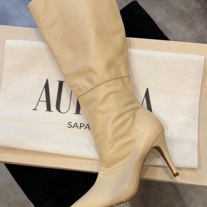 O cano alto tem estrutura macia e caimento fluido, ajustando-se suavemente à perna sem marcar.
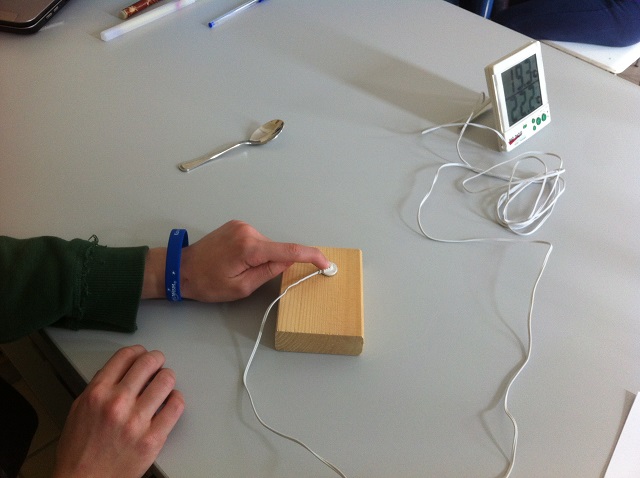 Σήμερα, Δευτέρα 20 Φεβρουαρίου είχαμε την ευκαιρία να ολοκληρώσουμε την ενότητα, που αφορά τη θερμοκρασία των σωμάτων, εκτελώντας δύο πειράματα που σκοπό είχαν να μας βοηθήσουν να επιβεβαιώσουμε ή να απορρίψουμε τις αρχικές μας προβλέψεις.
_ _ _ _ _ _ _
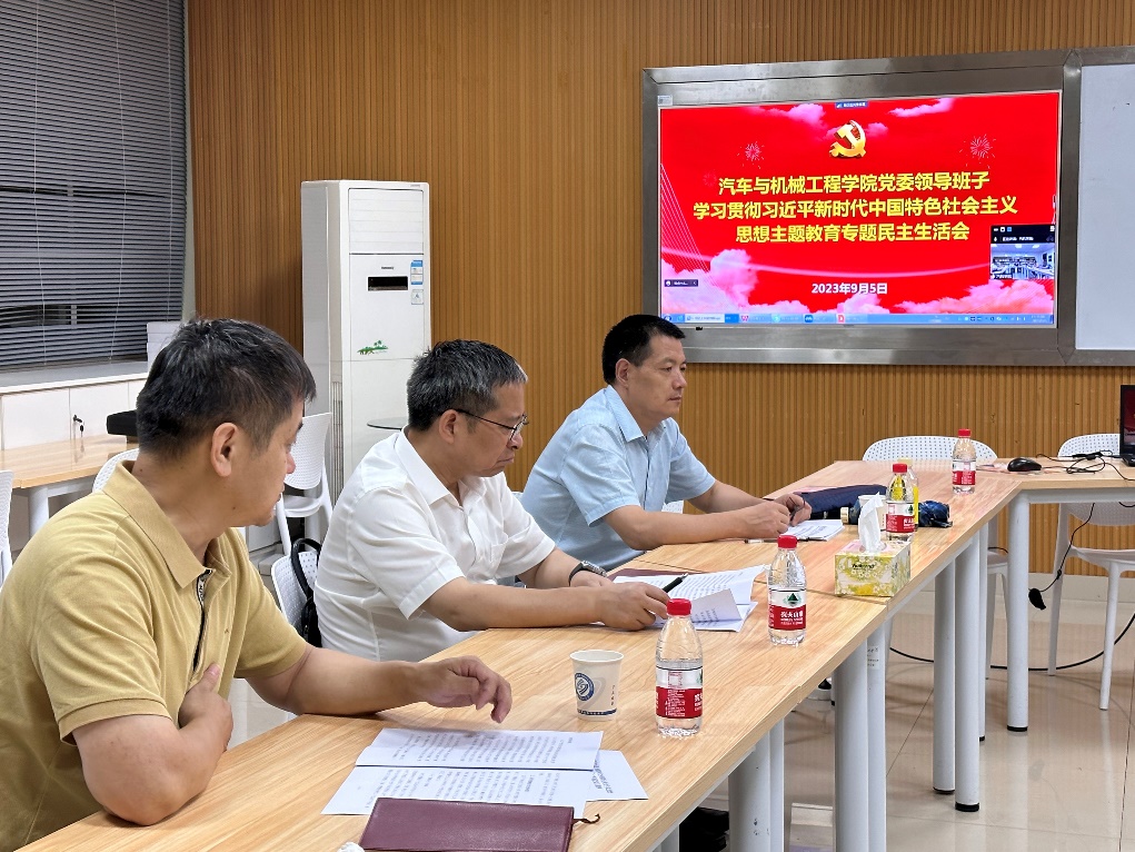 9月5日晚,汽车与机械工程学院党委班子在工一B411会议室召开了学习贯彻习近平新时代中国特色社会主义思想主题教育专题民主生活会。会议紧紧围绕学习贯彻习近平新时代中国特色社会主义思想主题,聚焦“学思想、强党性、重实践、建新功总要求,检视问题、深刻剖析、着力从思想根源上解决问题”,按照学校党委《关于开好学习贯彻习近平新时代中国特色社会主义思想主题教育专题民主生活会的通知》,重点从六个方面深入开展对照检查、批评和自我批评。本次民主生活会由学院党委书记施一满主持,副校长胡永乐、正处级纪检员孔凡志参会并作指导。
_ _ _ _ _ _ _
Exercise instructions:
Everything from the line with "O cano alto" through the line with "Σήμερα, Δευτέρα 20" in the material above should be transcribed exactly, except the pictures.

Response to the exercise:
 O cano alto tem estrutura macia e caimento fluido, ajustando-se suavemente à perna sem marcar.
 Σήμερα, Δευτέρα 20 Φεβρουαρίου είχαμε την ευκαιρία να ολοκληρώσουμε την ενότητα, που αφορά τη θερμοκρασία των σωμάτων, εκτελώντας δύο πειράματα που σκοπό είχαν να μας βοηθήσουν να επιβεβαιώσουμε ή να απορρίψουμε τις αρχικές μας προβλέψεις.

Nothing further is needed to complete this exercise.